ACTIVITY
Each entry must be given again exactly; images do not belong in the copy.

[Recorded data]
· · · · · · ·

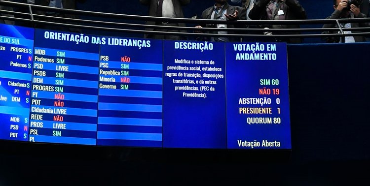Após pouco mais de três horas de discussão, o Plenário do Senado aprovou o texto-base da reforma da Previdência em segundo turno. Às 19h22, o presidente da Casa, Davi Alcolumbre (DEM-AP), proclamou o resultado. A proposta de emenda à Constituição (PEC) foi aprovada por 60 votos contra 19.
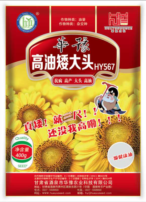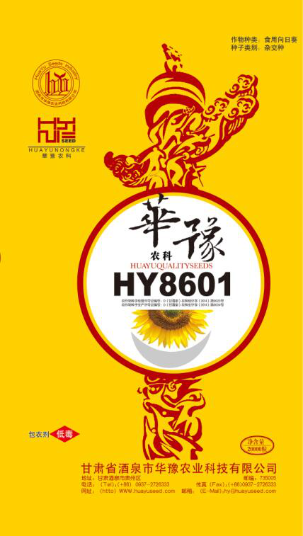 品种主要性状 生育期105天,株高1.6米至1.8米,叶片32片,花盘平均直径30公分左右,弯头45℃左右,籽粒长度3公分,亩留苗:新疆,甘肃2200株。巴盟河套地区1500株。蒙东及东北区域1200株。水肥条件合适的情况下亩产550斤,商品籽粒特长,耐脱皮,皮毛漂亮,商品性极佳,卖价高,抗倒伏,土壤适应性广。
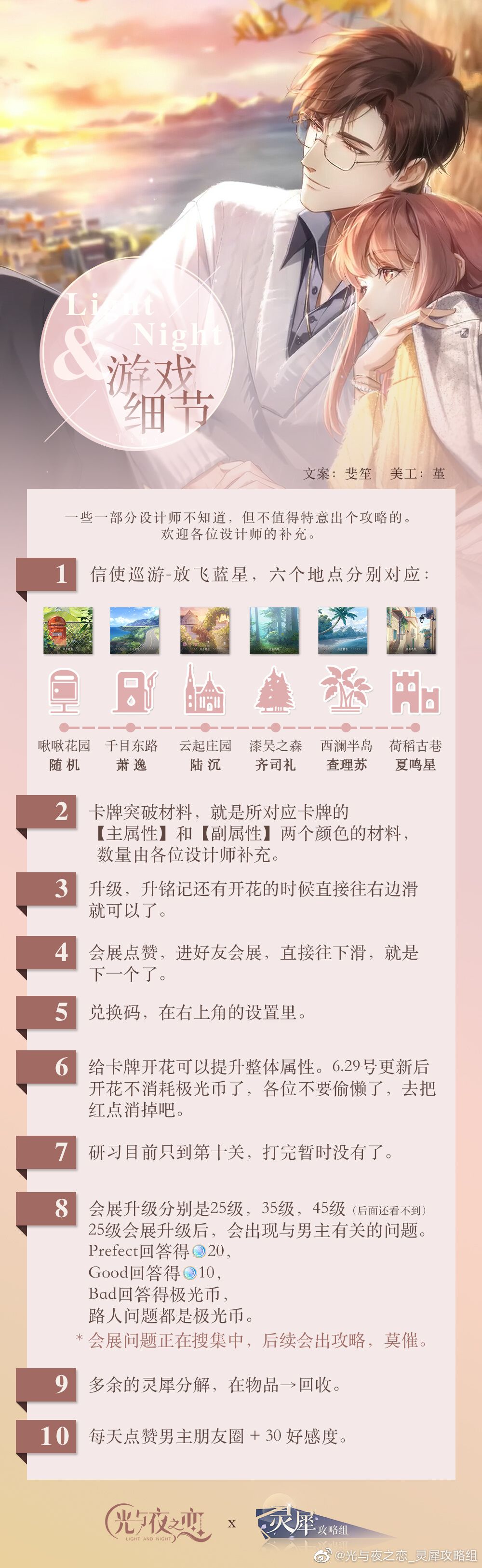 记录一些一部分设计师不知道,但不值得特意出个攻略的。欢迎各位设计师的补充。 1,放飞蓝星,六个地点分别对应,随机→萧逸→陆沉→齐司礼→查理苏→夏鸣星。都可以刷出1-5星的卡牌,但是卡牌人物跟地点有关,出现八个小时的五星卡牌。 2,卡牌突破材料,就是所对应卡牌的【主属性】和【副属性】两个颜色的材料,数量由各位设计师补充。 3,升级,升铭记还有开花的时候,直接往右边滑就可以了。 4,会展点赞,进好友会
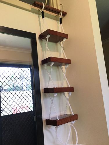 I delibrately made the shelves a bleach bottle apart, to store bleach if I wanted. lol as you do. The positioning of the knots was fiddly. But once i applied super glue there was no going back to adjust. Because of the Criss cross design it is more unstable, so I cut two piece of wood from my broom handle and used those up the top to give it more support and stability. Thank again for the comments, and have a great weekend.
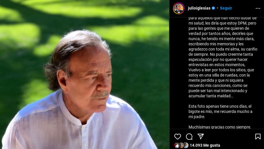 “Estoy muy preocupado por todo lo que causa el haber elegido un pequeño tiempo de soledad. De una manera mal educada para aquellos que han hecho dudar de mi salud, les diría que estoy DPM, pero para las gentes que me quieren de verdad por tantos años, decirles que nunca he tenido mi mente más clara, escribiendo mis memorias y les agradezco con toda mi alma, su cariño de siempre”, escribió Iglesias en una publicación en Instagram que acompañó con una foto suya que, según dijo, es la última que se tomó.
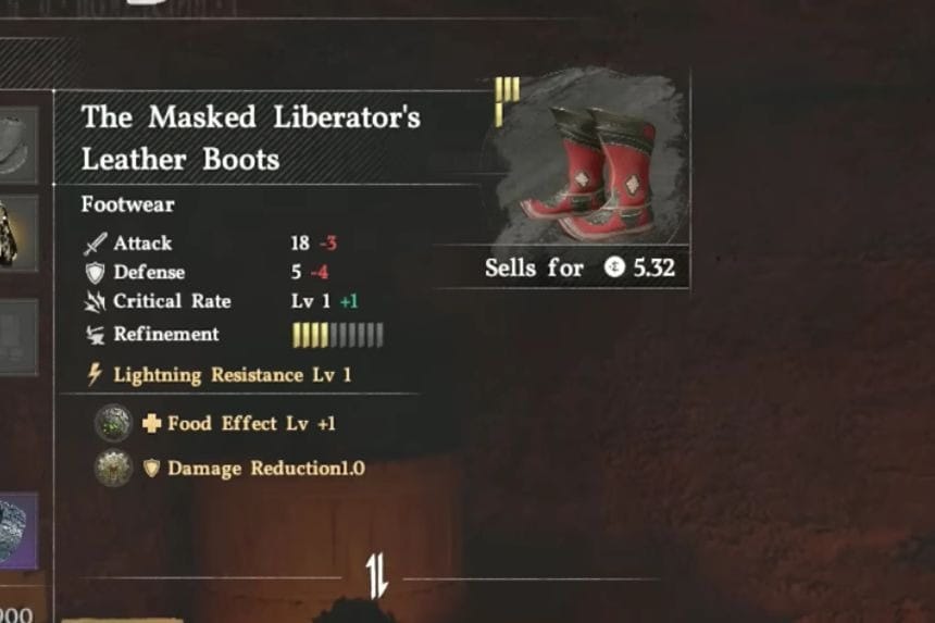 The Masked Liberator’s Leather Boots are also near Gear Melt Confectionery, inside a cave in the area. To find the hidden cave, jump down inside a big hole, near the settlement. At the corner, use your Four Palm to break open the wall and get inside the cave. Inside the cave, you will find a chest. This chest contains the masked liberators Leather boots.
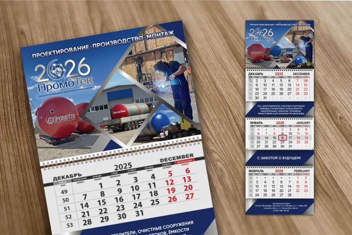 Настенный календарь, который отражает деятельность предприятия и продукцию.
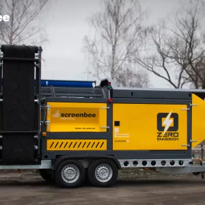 Mobilus kompaktiškas būgninis sijotuvas su elektros generatoriaus pavara.
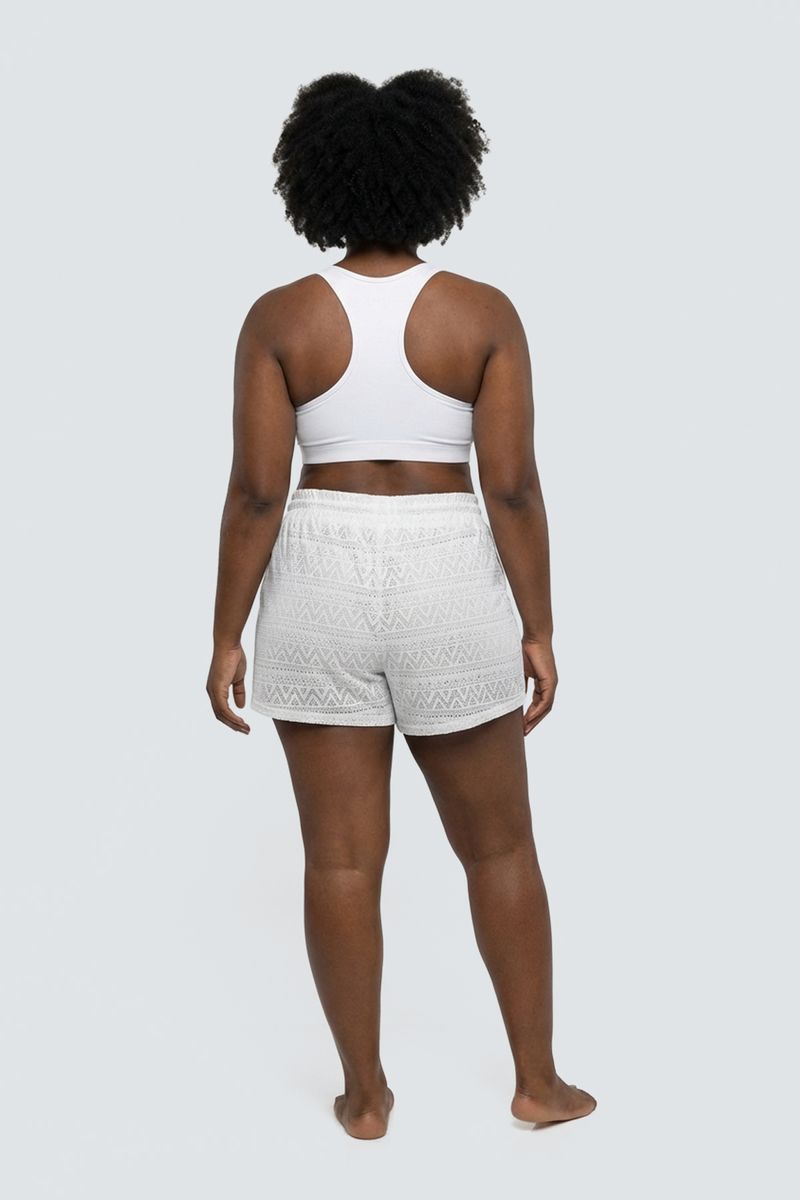 O Shorts de Praia Feminino Rendado Branco Confortável Caedu é a peça ideal para seus momentos de lazer. Com design rendado exclusivo e cós ajustável, oferece estilo e bem-estar. Feito em poliéster e elastano, garante caimento perfeito e toque suave, realçando sua beleza natural para a moda praia.
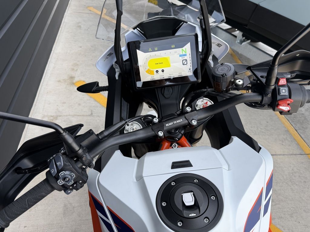 Taking charge at the helm is a scratch-resistant 7-inch TFT display. Unmatched in terms of graphics and readability, adventurers can access information on the fly, quickly and easily without navigating complex menus. This comes thanks to a 6-way switch cube on the handlebar and the quick select and favorites buttons. Connectivity is also taken care of by way of KTMconnect, which connects via Bluetooth for Turn-by-Turn+ navigation, music, and even answering calls. Still catching glare? The TFT screen is tilt-angle adjustable.
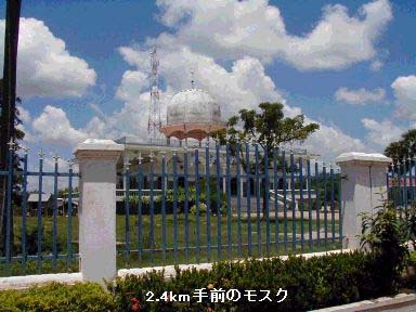 中央分離帯が終わってから2.2km行くと左手にレーダードームのような形を持ったモス クがあらわれます。普通のモスクは屋根の上に直接タマネギが乗っているのですが、こ のモスクは屋上にあるトラス構造のフレームの上に真ん丸のタマネギが乗っているとい う特徴的な形をしています。
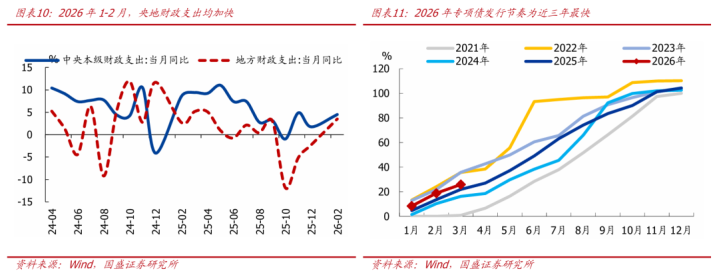>支拨节拍上,策略定调积极,条目财政靠前发力,尽快形成什物职责量,政府债券供给岑岭可能在二季度。
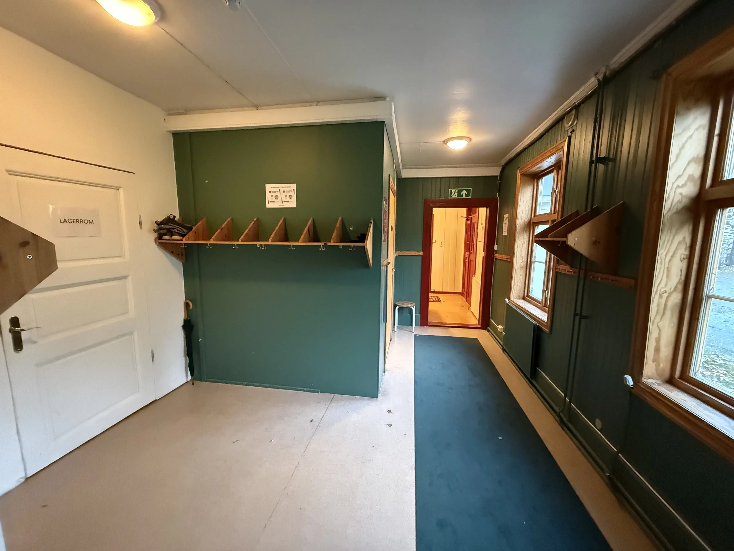 Lagsstua i 1. etg har bord og stoler til 50-60 gjester. Her er et velutstyrt kjøkken, to toalett, egen gang med knagger, lydanlegg og projektor. Hagen, som er offentlig, er også veldig fin – spesielt på finværsdager.
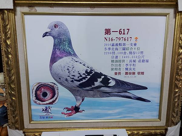 ↑第三代:第一617 ( N16-797617 ) : 2016年嘉義第一支會冬季北海三關綜合8位,2655羽,123舍,殘23羽
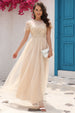 A-Linie Tüll Apricot Pailletten Ballkleid mit Applikationen
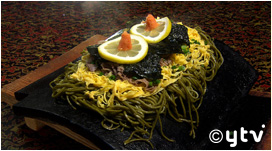 熱した瓦の上に「茶そば」を盛り合わせた名物料理。
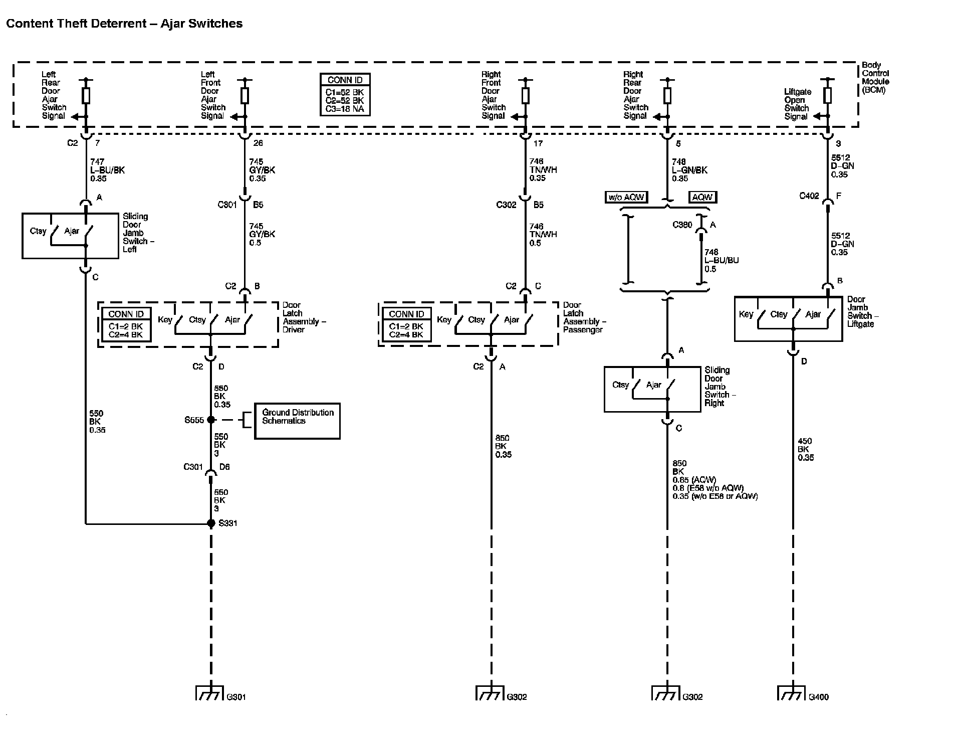 Location: The locations for the Connectors, Grounds, Splices, and Grommets shown within these diagrams can be found via their numbers at Vehicle Locations. Locations

· · · · · · ·

REPLY
Após pouco mais de três horas de discussão, o Plenário do Senado aprovou o texto-base da reforma da Previdência em segundo turno. Às 19h22, o presidente da Casa, Davi Alcolumbre (DEM-AP), proclamou o resultado. A proposta de emenda à Constituição (PEC) foi aprovada por 60 votos contra 19.
 品种主要性状 生育期105天,株高1.6米至1.8米,叶片32片,花盘平均直径30公分左右,弯头45℃左右,籽粒长度3公分,亩留苗:新疆,甘肃2200株。巴盟河套地区1500株。蒙东及东北区域1200株。水肥条件合适的情况下亩产550斤,商品籽粒特长,耐脱皮,皮毛漂亮,商品性极佳,卖价高,抗倒伏,土壤适应性广。
 记录一些一部分设计师不知道,但不值得特意出个攻略的。欢迎各位设计师的补充。 1,放飞蓝星,六个地点分别对应,随机→萧逸→陆沉→齐司礼→查理苏→夏鸣星。都可以刷出1-5星的卡牌,但是卡牌人物跟地点有关,出现八个小时的五星卡牌。 2,卡牌突破材料,就是所对应卡牌的【主属性】和【副属性】两个颜色的材料,数量由各位设计师补充。 3,升级,升铭记还有开花的时候,直接往右边滑就可以了。 4,会展点赞,进好友会
 I delibrately made the shelves a bleach bottle apart, to store bleach if I wanted. lol as you do. The positioning of the knots was fiddly. But once i applied super glue there was no going back to adjust. Because of the Criss cross design it is more unstable, so I cut two piece of wood from my broom handle and used those up the top to give it more support and stability. Thank again for the comments, and have a great weekend.
 “Estoy muy preocupado por todo lo que causa el haber elegido un pequeño tiempo de soledad. De una manera mal educada para aquellos que han hecho dudar de mi salud, les diría que estoy DPM, pero para las gentes que me quieren de verdad por tantos años, decirles que nunca he tenido mi mente más clara, escribiendo mis memorias y les agradezco con toda mi alma, su cariño de siempre”, escribió Iglesias en una publicación en Instagram que acompañó con una foto suya que, según dijo, es la última que se tomó.
 The Masked Liberator’s Leather Boots are also near Gear Melt Confectionery, inside a cave in the area. To find the hidden cave, jump down inside a big hole, near the settlement. At the corner, use your Four Palm to break open the wall and get inside the cave. Inside the cave, you will find a chest. This chest contains the masked liberators Leather boots.
 Настенный календарь, который отражает деятельность предприятия и продукцию.
 Mobilus kompaktiškas būgninis sijotuvas su elektros generatoriaus pavara.
 O Shorts de Praia Feminino Rendado Branco Confortável Caedu é a peça ideal para seus momentos de lazer. Com design rendado exclusivo e cós ajustável, oferece estilo e bem-estar. Feito em poliéster e elastano, garante caimento perfeito e toque suave, realçando sua beleza natural para a moda praia.
 Taking charge at the helm is a scratch-resistant 7-inch TFT display. Unmatched in terms of graphics and readability, adventurers can access information on the fly, quickly and easily without navigating complex menus. This comes thanks to a 6-way switch cube on the handlebar and the quick select and favorites buttons. Connectivity is also taken care of by way of KTMconnect, which connects via Bluetooth for Turn-by-Turn+ navigation, music, and even answering calls. Still catching glare? The TFT screen is tilt-angle adjustable.
 中央分離帯が終わってから2.2km行くと左手にレーダードームのような形を持ったモス クがあらわれます。普通のモスクは屋根の上に直接タマネギが乗っているのですが、こ のモスクは屋上にあるトラス構造のフレームの上に真ん丸のタマネギが乗っているとい う特徴的な形をしています。
>支拨节拍上,策略定调积极,条目财政靠前发力,尽快形成什物职责量,政府债券供给岑岭可能在二季度。
 Lagsstua i 1. etg har bord og stoler til 50-60 gjester. Her er et velutstyrt kjøkken, to toalett, egen gang med knagger, lydanlegg og projektor. Hagen, som er offentlig, er også veldig fin – spesielt på finværsdager.
 ↑第三代:第一617 ( N16-797617 ) : 2016年嘉義第一支會冬季北海三關綜合8位,2655羽,123舍,殘23羽
 A-Linie Tüll Apricot Pailletten Ballkleid mit Applikationen
 熱した瓦の上に「茶そば」を盛り合わせた名物料理。
 Location: The locations for the Connectors, Grounds, Splices, and Grommets shown within these diagrams can be found via their numbers at Vehicle Locations. Locations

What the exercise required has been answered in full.